====== INFORMATION SHOWN

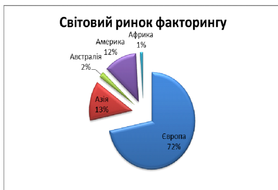
Рис.1. Світовий ринок факторингу.

Відносини, що виникають при укладанні факторингових угод в Україні регулюються Цивільним Кодексом України (глава 73). Визначення факторингу також дає Закон України «Про банки і банківську діяльність», Закон України «Про фінансові послуги і державне регулювання ринків фінансових послуг» та Податковий кодекс України. Ці закони України, прийняті у різний час, дають неоднозначне тлумачення щодо сутності поняття «факторинг» і хто саме може надавати факторингові послуги. Зазначені законодавчі і нормативні документи неузгоджені між собою, а відповідне регулювання суперечливе. Вказана неузгодженість не сприяє розвитку факторингових операцій в Україні. Кількість гравців - фінансових установ в Україні всього біля 80, з них 47 банків і більше 30 компаній. Але щодо фінансових компаній можна відзначити, що реально пропонують і надають клієнтам відповідні послуги - 5-7 компаній, останні на «індивідуальних» умовах, іншими словами: тільки декларують.
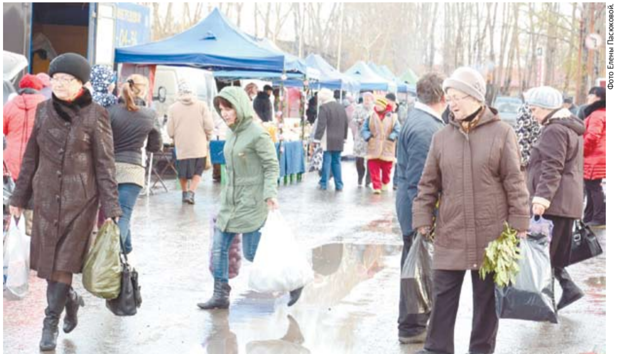
На ярмарке каждый покупатель нашел свой товар.
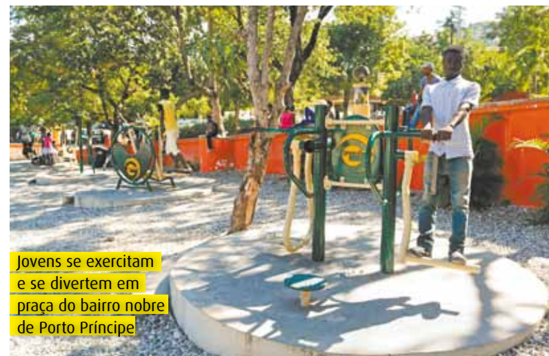
Jovens se exercitam e se divertem em praça do bairro nobre de Porto Príncipe

Amanhã, no último capítulo da série “Haiti - O passado presente”, o impasse da ONU com o futuro da Minustah, o trabalho dos militares e as histórias de quem sobreviveu ao terremoto.
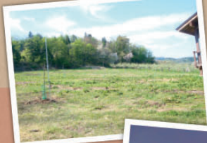
10 アフター・希望 これからの50年、いや100年・・・
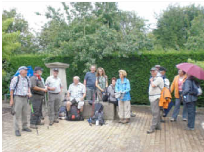
Am Brunnen in Brettnach
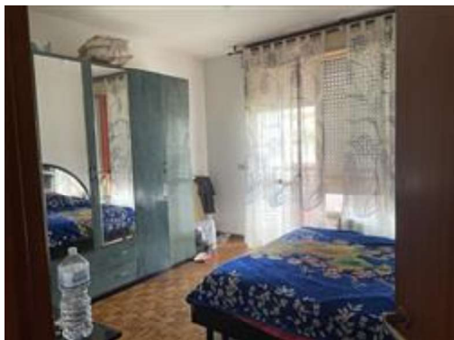
Camera da letto.

============

◆ YOUR TASK: All entries must be written out again exactly as given, with no pictures in the copy.

◆ TASK OUTPUT:
Рис.1. Світовий ринок факторингу.

Відносини, що виникають при укладанні факторингових угод в Україні регулюються Цивільним Кодексом України (глава 73). Визначення факторингу також дає Закон України «Про банки і банківську діяльність», Закон України «Про фінансові послуги і державне регулювання ринків фінансових послуг» та Податковий кодекс України. Ці закони України, прийняті у різний час, дають неоднозначне тлумачення щодо сутності поняття «факторинг» і хто саме може надавати факторингові послуги. Зазначені законодавчі і нормативні документи неузгоджені між собою, а відповідне регулювання суперечливе. Вказана неузгодженість не сприяє розвитку факторингових операцій в Україні. Кількість гравців - фінансових установ в Україні всього біля 80, з них 47 банків і більше 30 компаній. Але щодо фінансових компаній можна відзначити, що реально пропонують і надають клієнтам відповідні послуги - 5-7 компаній, останні на «індивідуальних» умовах, іншими словами: тільки декларують.
На ярмарке каждый покупатель нашел свой товар.
Jovens se exercitam e se divertem em praça do bairro nobre de Porto Príncipe

Amanhã, no último capítulo da série “Haiti - O passado presente”, o impasse da ONU com o futuro da Minustah, o trabalho dos militares e as histórias de quem sobreviveu ao terremoto.
10 アフター・希望 これからの50年、いや100年・・・
Am Brunnen in Brettnach
Camera da letto.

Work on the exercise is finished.